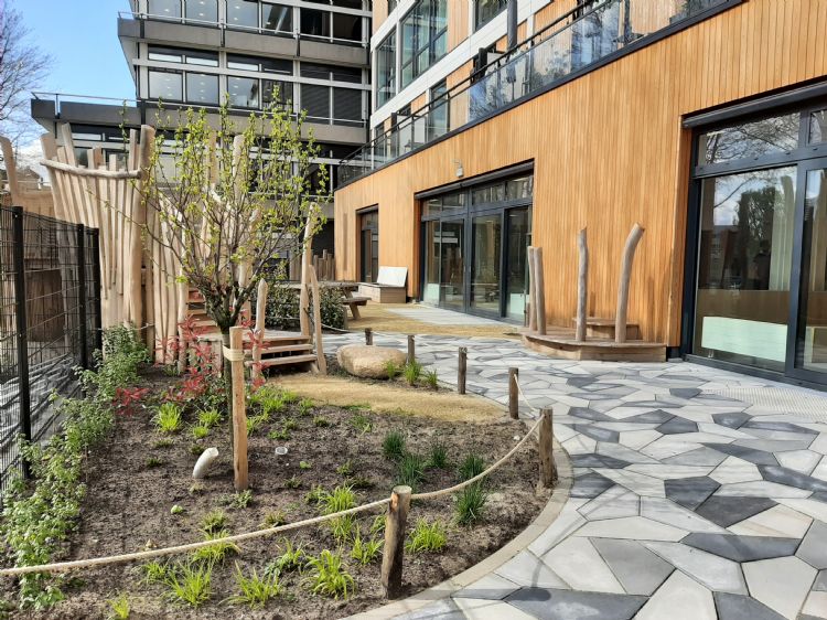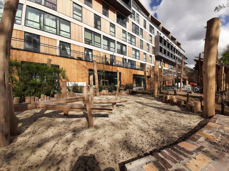Speeltuin met diverse natuurlijke ondergronden bij voormalig regiokantoor in Dordrecht |
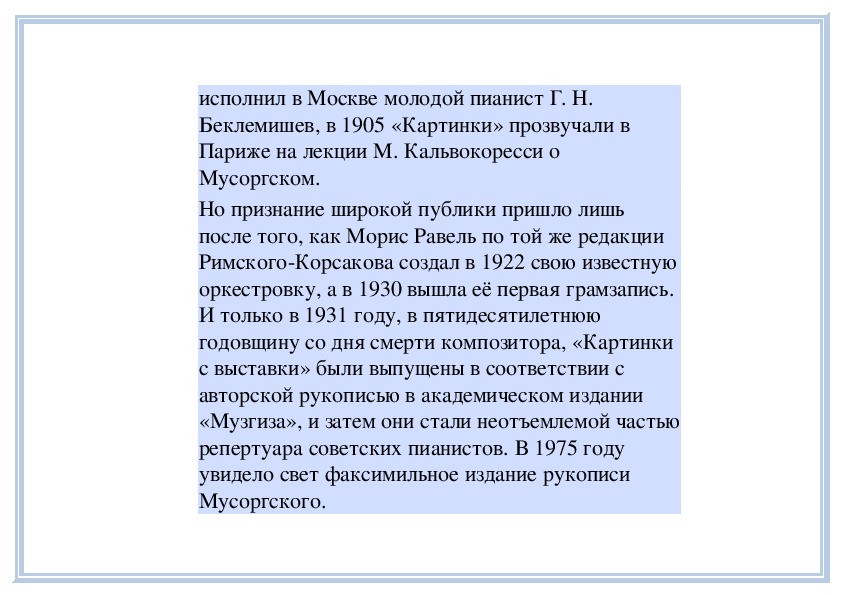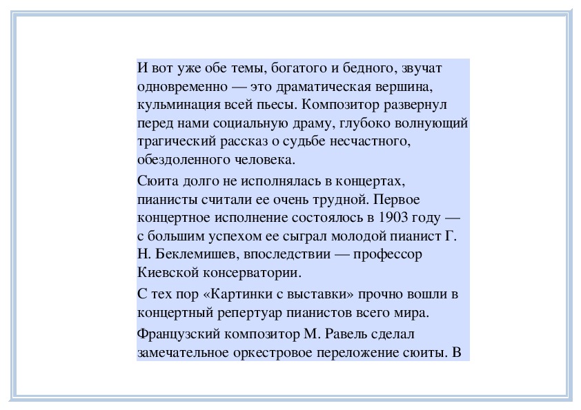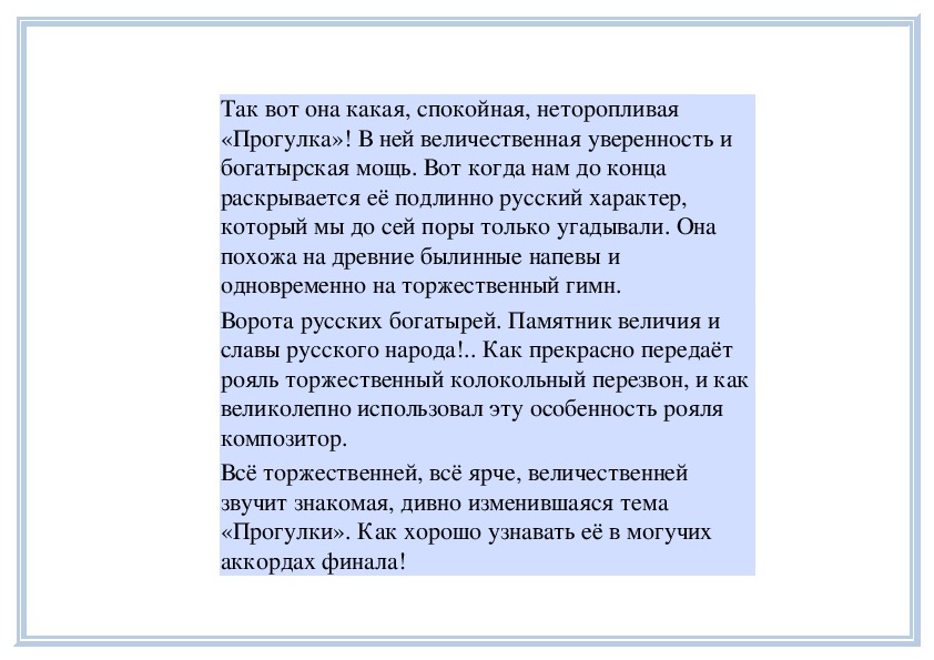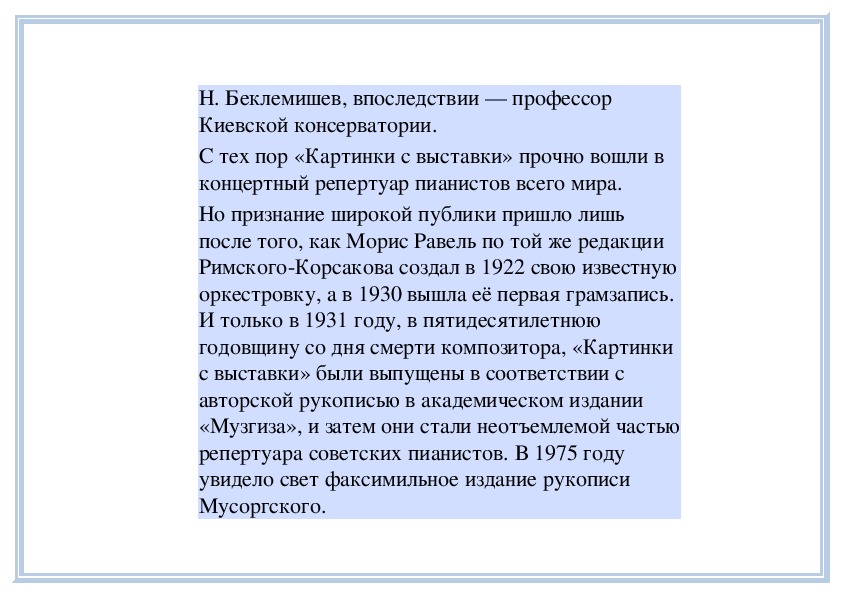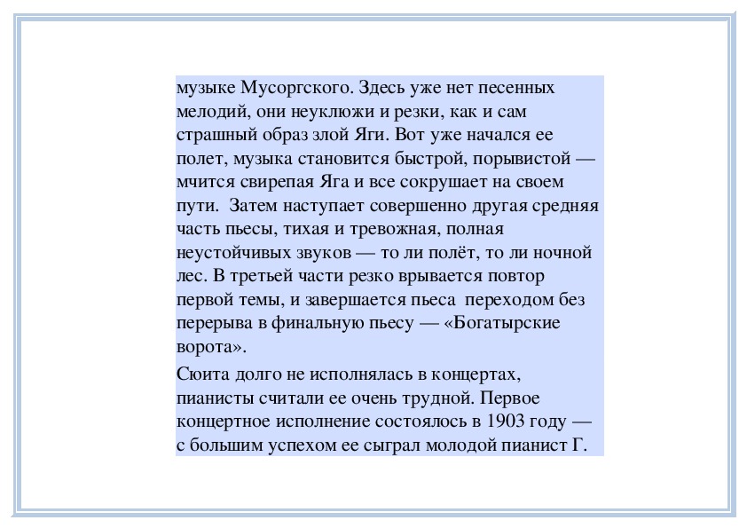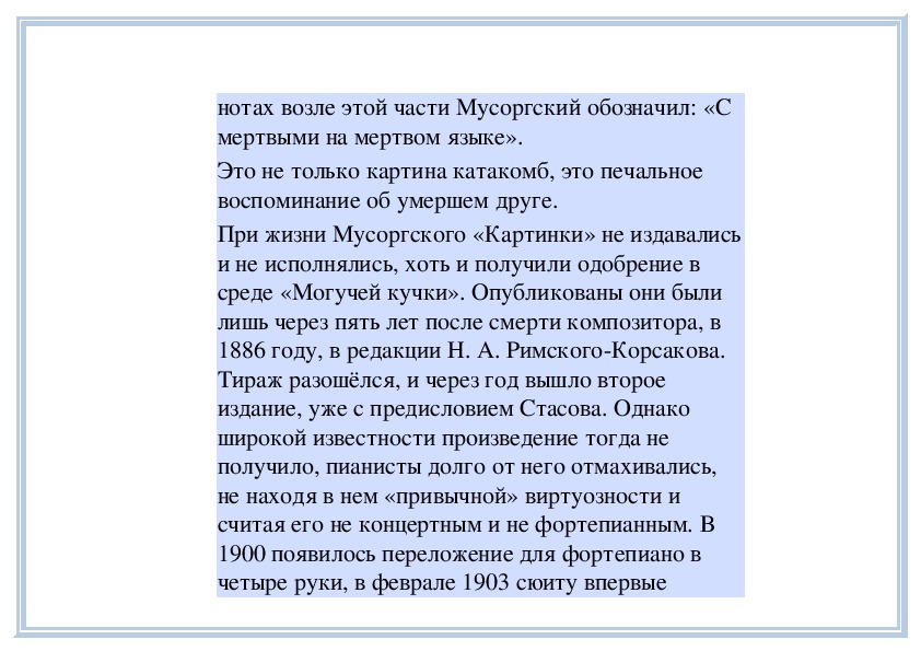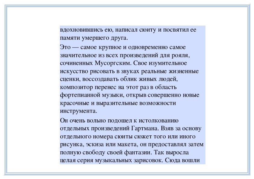 Это — самое крупное и одновременно самое значительное из всех произведений для рояля, сочиненных Мусоргским. Свое изумительное искусство рисовать в звуках реальные жизненные сценки, воссоздавать облик живых людей, композитор перенес на этот раз в область фортепианной музыки, открыв совершенно новые красочные и выразительные возможности инструмента.
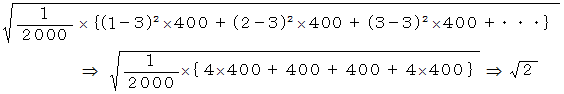 この2000件のデーターの平均は 3 で、 標準偏差は 1 です。 その理由は次の式です。
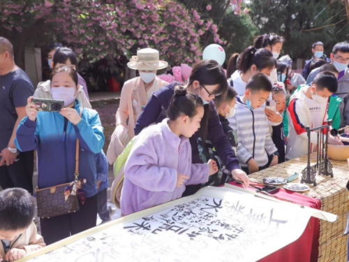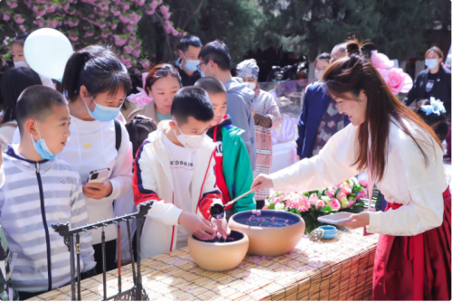 來(lái)賓們?cè)谫p櫻的同時(shí)紛紛錄制有聲明信片“我想對(duì)黨說(shuō)”,體驗(yàn)各式手作、風(fēng)箏制作、DIY團(tuán)扇制作、漢服秀等。“越羅衫袂迎春風(fēng),玉刻麒麟腰帶紅?!贝荷ㄏ?#xff0c;飄逸的裙裾、精致的簪花,中華傳統(tǒng)服飾之美與絢爛多姿的國(guó)潮風(fēng)交相輝映,在水墨香中感受漢字書(shū)法的魅力所在,在詩(shī)詞之美中,領(lǐng)略詩(shī)意人生的寫照、家國(guó)情懷的寄托,傳承詩(shī)詞文化,涵養(yǎng)民族精神。
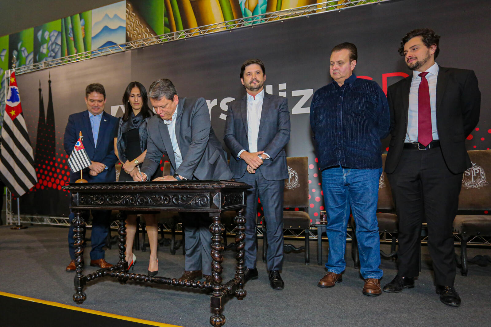 O governador Tarcísio de Freitas assinou na terça-feira (18), decreto que institui o programa para agilizar a universalização dos serviços de saneamento no estado de São Paulo. Por meio do UniversalizaSP, o Estado vai oferecer apoio técnico a prefeituras com serviços ou autarquias municipais de água e esgoto para estruturação e modelagem de projetos de expansão, de acordo com as metas previstas pelo Novo Marco do Saneamento. Na ocasião, Bebedouro foi representada pelo prefeito Lucas Seren e pelo presidente do Saaeb Ambiental, Gilmar Feltrim.
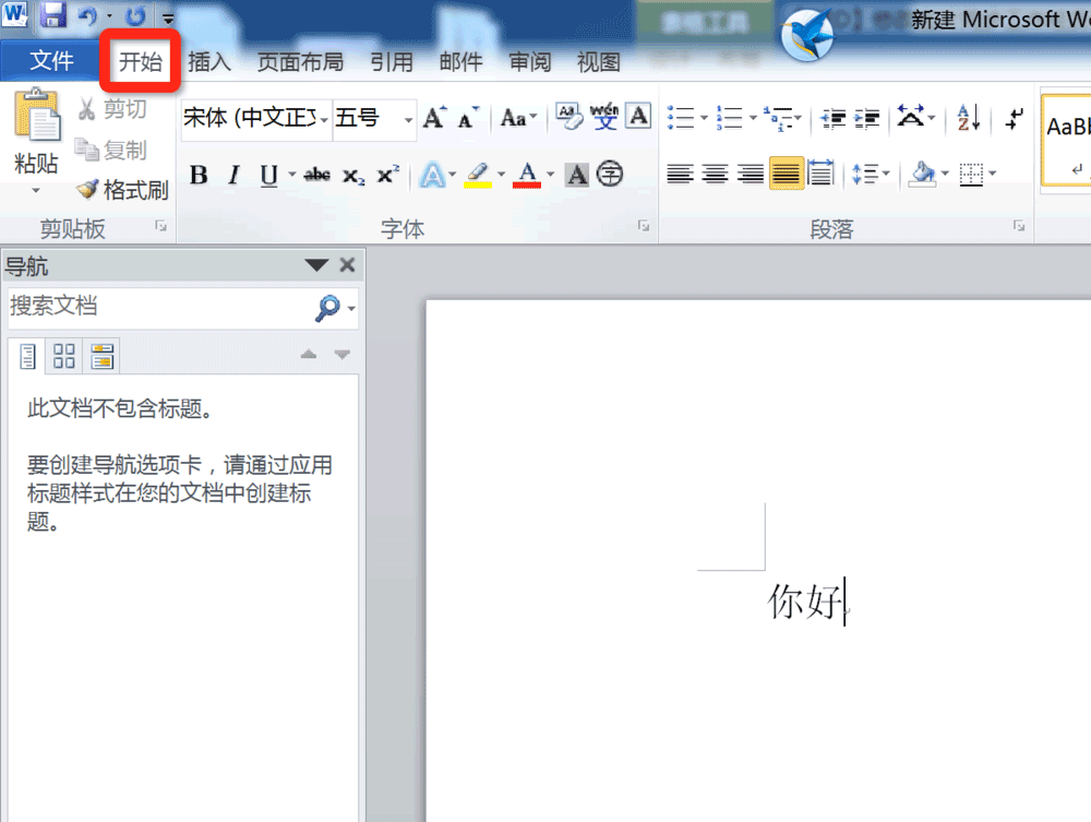 3、点击上面选项卡的"开始"
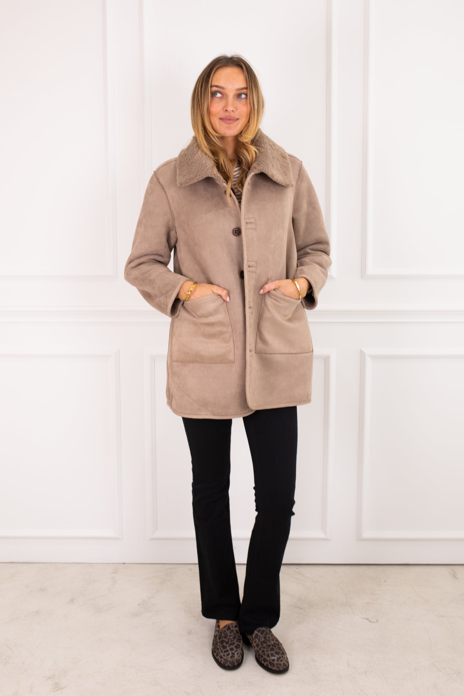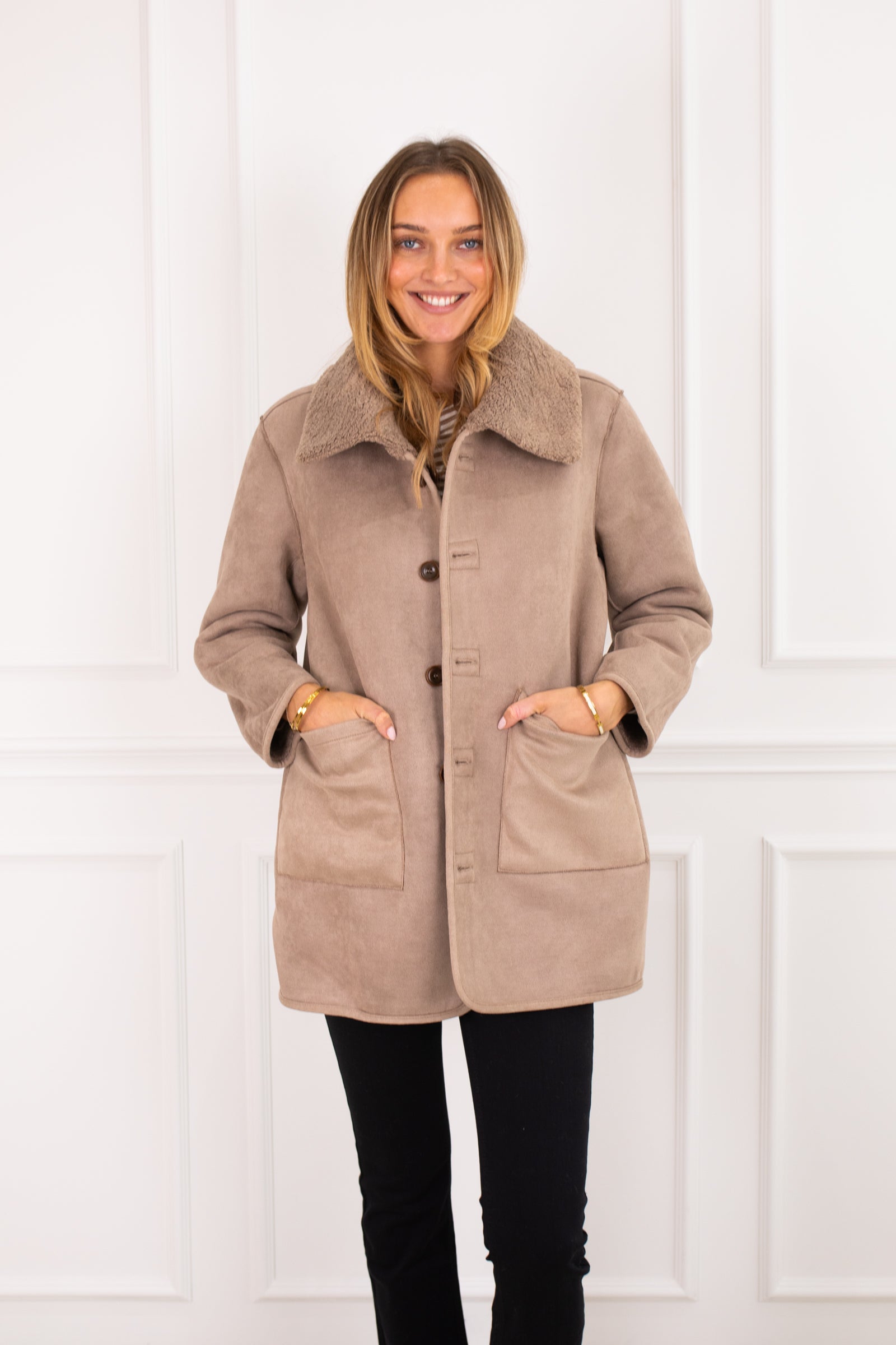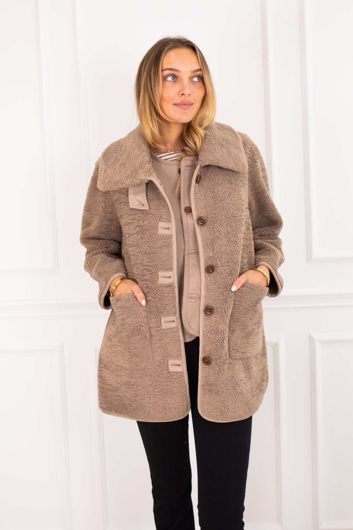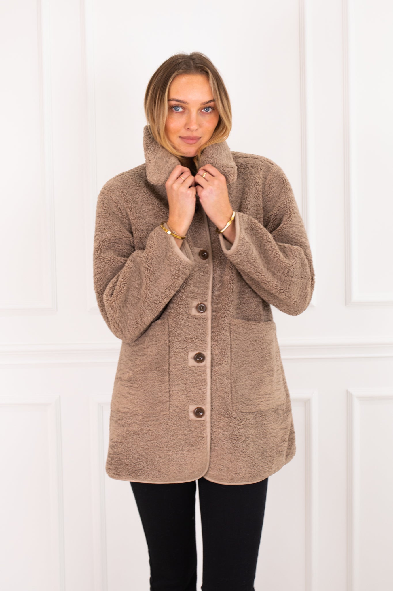Reversible shearling coat in a rich taupe tone. This cosy style is crafted from thick, luxurious faux shearling fabric and gives two styling options. Matching waistcoat available.

================================

# What to produce:
The lines running from the beginning of the listing above through the line that holds "この2000件のデーターの平均は 3 で、" are to be duplicated exactly, both ends kept, pictures omitted.

# Solution for this task:
Speeltuin met diverse natuurlijke ondergronden bij voormalig regiokantoor in Dordrecht |
 Это — самое крупное и одновременно самое значительное из всех произведений для рояля, сочиненных Мусоргским. Свое изумительное искусство рисовать в звуках реальные жизненные сценки, воссоздавать облик живых людей, композитор перенес на этот раз в область фортепианной музыки, открыв совершенно новые красочные и выразительные возможности инструмента.
 この2000件のデーターの平均は 3 で、 標準偏差は 1 です。 その理由は次の式です。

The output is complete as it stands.